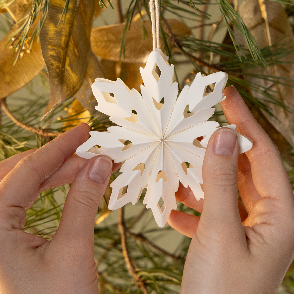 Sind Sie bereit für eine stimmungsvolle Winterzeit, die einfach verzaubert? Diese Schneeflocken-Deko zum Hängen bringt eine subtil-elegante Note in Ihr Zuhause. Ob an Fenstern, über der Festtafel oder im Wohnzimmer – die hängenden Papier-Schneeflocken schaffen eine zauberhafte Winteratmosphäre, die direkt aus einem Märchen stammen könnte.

= = = = =

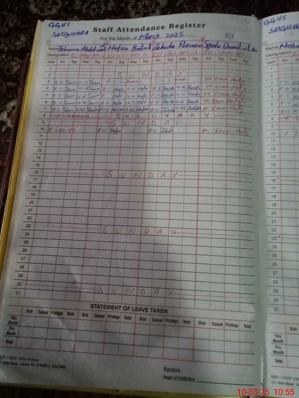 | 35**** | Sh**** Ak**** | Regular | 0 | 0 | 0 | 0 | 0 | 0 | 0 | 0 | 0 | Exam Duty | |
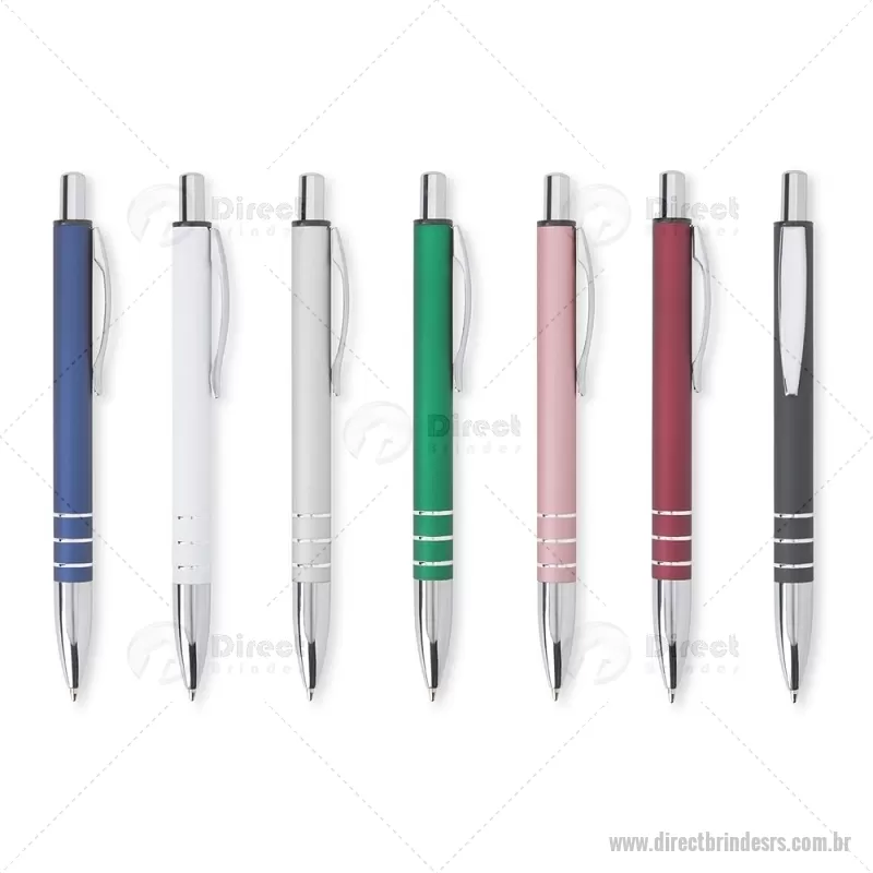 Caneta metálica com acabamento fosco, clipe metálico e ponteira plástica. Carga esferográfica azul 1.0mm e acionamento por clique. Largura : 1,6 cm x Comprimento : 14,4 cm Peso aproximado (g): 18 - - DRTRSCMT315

= = = = =

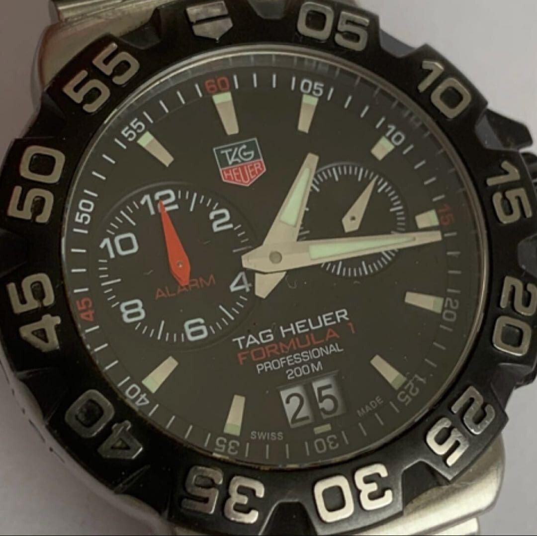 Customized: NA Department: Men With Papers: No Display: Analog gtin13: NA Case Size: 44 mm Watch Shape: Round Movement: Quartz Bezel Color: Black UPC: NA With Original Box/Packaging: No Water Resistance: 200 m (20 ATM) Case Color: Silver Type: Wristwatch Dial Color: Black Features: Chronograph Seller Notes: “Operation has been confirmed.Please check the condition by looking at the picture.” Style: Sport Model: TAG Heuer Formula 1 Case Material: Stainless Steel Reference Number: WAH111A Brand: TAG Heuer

= = = = =

* WHAT YOU NEED TO DO: Set down word for word the lines above from the one with "Exam Duty | |" up to and including the one with "Caneta metálica com". Omit every picture.

* PROBLEM SOLUTION:
 | 35**** | Sh**** Ak**** | Regular | 0 | 0 | 0 | 0 | 0 | 0 | 0 | 0 | 0 | Exam Duty | |
 Caneta metálica com acabamento fosco, clipe metálico e ponteira plástica. Carga esferográfica azul 1.0mm e acionamento por clique. Largura : 1,6 cm x Comprimento : 14,4 cm Peso aproximado (g): 18 - - DRTRSCMT315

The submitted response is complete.